→ Directions for this task: Every entry in this listing should be written out exactly.
--- --- ---
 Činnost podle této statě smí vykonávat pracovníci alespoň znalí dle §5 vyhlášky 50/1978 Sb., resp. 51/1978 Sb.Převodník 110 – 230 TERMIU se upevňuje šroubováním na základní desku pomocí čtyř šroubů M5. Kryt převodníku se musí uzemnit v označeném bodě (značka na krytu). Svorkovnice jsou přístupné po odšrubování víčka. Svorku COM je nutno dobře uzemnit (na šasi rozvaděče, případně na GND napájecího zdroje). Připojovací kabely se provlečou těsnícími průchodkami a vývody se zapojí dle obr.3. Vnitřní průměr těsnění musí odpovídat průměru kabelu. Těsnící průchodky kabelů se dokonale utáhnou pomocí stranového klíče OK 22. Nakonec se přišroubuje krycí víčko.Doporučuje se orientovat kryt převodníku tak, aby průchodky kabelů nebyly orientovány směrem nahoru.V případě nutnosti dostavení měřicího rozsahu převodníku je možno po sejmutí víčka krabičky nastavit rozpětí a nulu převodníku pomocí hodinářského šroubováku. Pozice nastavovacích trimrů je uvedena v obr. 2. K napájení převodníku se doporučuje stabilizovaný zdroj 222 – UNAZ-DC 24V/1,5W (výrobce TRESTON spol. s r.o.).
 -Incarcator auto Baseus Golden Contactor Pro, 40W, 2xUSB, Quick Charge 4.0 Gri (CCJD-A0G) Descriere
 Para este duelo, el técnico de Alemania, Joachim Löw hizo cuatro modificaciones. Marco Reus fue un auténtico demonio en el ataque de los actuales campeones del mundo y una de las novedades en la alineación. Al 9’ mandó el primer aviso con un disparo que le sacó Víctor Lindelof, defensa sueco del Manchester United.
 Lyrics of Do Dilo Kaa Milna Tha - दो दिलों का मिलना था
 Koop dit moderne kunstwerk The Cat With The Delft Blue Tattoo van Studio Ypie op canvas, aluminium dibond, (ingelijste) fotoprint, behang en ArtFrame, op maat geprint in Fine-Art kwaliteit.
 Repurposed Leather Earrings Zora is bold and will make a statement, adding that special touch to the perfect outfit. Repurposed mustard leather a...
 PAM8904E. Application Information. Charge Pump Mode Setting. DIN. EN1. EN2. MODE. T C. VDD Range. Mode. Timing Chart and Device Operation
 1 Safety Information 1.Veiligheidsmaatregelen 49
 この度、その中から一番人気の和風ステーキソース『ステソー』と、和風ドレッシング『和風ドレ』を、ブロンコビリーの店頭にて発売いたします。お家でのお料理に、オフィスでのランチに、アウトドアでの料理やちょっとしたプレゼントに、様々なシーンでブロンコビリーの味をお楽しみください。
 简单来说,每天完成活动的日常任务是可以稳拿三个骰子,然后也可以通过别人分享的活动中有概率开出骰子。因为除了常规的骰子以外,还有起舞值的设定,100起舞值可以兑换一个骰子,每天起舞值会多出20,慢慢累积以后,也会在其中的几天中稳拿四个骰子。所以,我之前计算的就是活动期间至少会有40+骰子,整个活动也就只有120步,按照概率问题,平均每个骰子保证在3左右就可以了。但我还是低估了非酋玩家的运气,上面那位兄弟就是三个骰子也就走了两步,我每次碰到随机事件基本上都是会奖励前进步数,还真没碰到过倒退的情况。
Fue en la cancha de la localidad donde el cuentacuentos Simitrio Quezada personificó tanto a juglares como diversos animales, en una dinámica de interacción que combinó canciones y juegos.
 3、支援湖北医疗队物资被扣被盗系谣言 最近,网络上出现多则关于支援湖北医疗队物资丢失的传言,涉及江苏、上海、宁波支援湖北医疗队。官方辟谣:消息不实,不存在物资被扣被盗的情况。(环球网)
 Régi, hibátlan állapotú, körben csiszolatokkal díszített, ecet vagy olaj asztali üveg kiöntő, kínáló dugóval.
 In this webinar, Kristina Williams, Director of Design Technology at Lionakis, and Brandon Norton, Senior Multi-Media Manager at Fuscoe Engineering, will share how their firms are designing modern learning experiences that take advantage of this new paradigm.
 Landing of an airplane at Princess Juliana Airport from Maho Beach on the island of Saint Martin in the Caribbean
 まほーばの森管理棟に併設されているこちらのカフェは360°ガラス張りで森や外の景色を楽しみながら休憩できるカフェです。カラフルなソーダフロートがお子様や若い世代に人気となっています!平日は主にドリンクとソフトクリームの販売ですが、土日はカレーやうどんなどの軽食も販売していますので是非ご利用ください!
--- --- ---
→ Task response:
 Činnost podle této statě smí vykonávat pracovníci alespoň znalí dle §5 vyhlášky 50/1978 Sb., resp. 51/1978 Sb.Převodník 110 – 230 TERMIU se upevňuje šroubováním na základní desku pomocí čtyř šroubů M5. Kryt převodníku se musí uzemnit v označeném bodě (značka na krytu). Svorkovnice jsou přístupné po odšrubování víčka. Svorku COM je nutno dobře uzemnit (na šasi rozvaděče, případně na GND napájecího zdroje). Připojovací kabely se provlečou těsnícími průchodkami a vývody se zapojí dle obr.3. Vnitřní průměr těsnění musí odpovídat průměru kabelu. Těsnící průchodky kabelů se dokonale utáhnou pomocí stranového klíče OK 22. Nakonec se přišroubuje krycí víčko.Doporučuje se orientovat kryt převodníku tak, aby průchodky kabelů nebyly orientovány směrem nahoru.V případě nutnosti dostavení měřicího rozsahu převodníku je možno po sejmutí víčka krabičky nastavit rozpětí a nulu převodníku pomocí hodinářského šroubováku. Pozice nastavovacích trimrů je uvedena v obr. 2. K napájení převodníku se doporučuje stabilizovaný zdroj 222 – UNAZ-DC 24V/1,5W (výrobce TRESTON spol. s r.o.).
 -Incarcator auto Baseus Golden Contactor Pro, 40W, 2xUSB, Quick Charge 4.0 Gri (CCJD-A0G) Descriere
 Para este duelo, el técnico de Alemania, Joachim Löw hizo cuatro modificaciones. Marco Reus fue un auténtico demonio en el ataque de los actuales campeones del mundo y una de las novedades en la alineación. Al 9’ mandó el primer aviso con un disparo que le sacó Víctor Lindelof, defensa sueco del Manchester United.
 Lyrics of Do Dilo Kaa Milna Tha - दो दिलों का मिलना था
 Koop dit moderne kunstwerk The Cat With The Delft Blue Tattoo van Studio Ypie op canvas, aluminium dibond, (ingelijste) fotoprint, behang en ArtFrame, op maat geprint in Fine-Art kwaliteit.
 Repurposed Leather Earrings Zora is bold and will make a statement, adding that special touch to the perfect outfit. Repurposed mustard leather a...
 PAM8904E. Application Information. Charge Pump Mode Setting. DIN. EN1. EN2. MODE. T C. VDD Range. Mode. Timing Chart and Device Operation
 1 Safety Information 1.Veiligheidsmaatregelen 49
 この度、その中から一番人気の和風ステーキソース『ステソー』と、和風ドレッシング『和風ドレ』を、ブロンコビリーの店頭にて発売いたします。お家でのお料理に、オフィスでのランチに、アウトドアでの料理やちょっとしたプレゼントに、様々なシーンでブロンコビリーの味をお楽しみください。
 简单来说,每天完成活动的日常任务是可以稳拿三个骰子,然后也可以通过别人分享的活动中有概率开出骰子。因为除了常规的骰子以外,还有起舞值的设定,100起舞值可以兑换一个骰子,每天起舞值会多出20,慢慢累积以后,也会在其中的几天中稳拿四个骰子。所以,我之前计算的就是活动期间至少会有40+骰子,整个活动也就只有120步,按照概率问题,平均每个骰子保证在3左右就可以了。但我还是低估了非酋玩家的运气,上面那位兄弟就是三个骰子也就走了两步,我每次碰到随机事件基本上都是会奖励前进步数,还真没碰到过倒退的情况。
Fue en la cancha de la localidad donde el cuentacuentos Simitrio Quezada personificó tanto a juglares como diversos animales, en una dinámica de interacción que combinó canciones y juegos.
 3、支援湖北医疗队物资被扣被盗系谣言 最近,网络上出现多则关于支援湖北医疗队物资丢失的传言,涉及江苏、上海、宁波支援湖北医疗队。官方辟谣:消息不实,不存在物资被扣被盗的情况。(环球网)
 Régi, hibátlan állapotú, körben csiszolatokkal díszített, ecet vagy olaj asztali üveg kiöntő, kínáló dugóval.
 In this webinar, Kristina Williams, Director of Design Technology at Lionakis, and Brandon Norton, Senior Multi-Media Manager at Fuscoe Engineering, will share how their firms are designing modern learning experiences that take advantage of this new paradigm.
 Landing of an airplane at Princess Juliana Airport from Maho Beach on the island of Saint Martin in the Caribbean
 まほーばの森管理棟に併設されているこちらのカフェは360°ガラス張りで森や外の景色を楽しみながら休憩できるカフェです。カラフルなソーダフロートがお子様や若い世代に人気となっています!平日は主にドリンクとソフトクリームの販売ですが、土日はカレーやうどんなどの軽食も販売していますので是非ご利用ください!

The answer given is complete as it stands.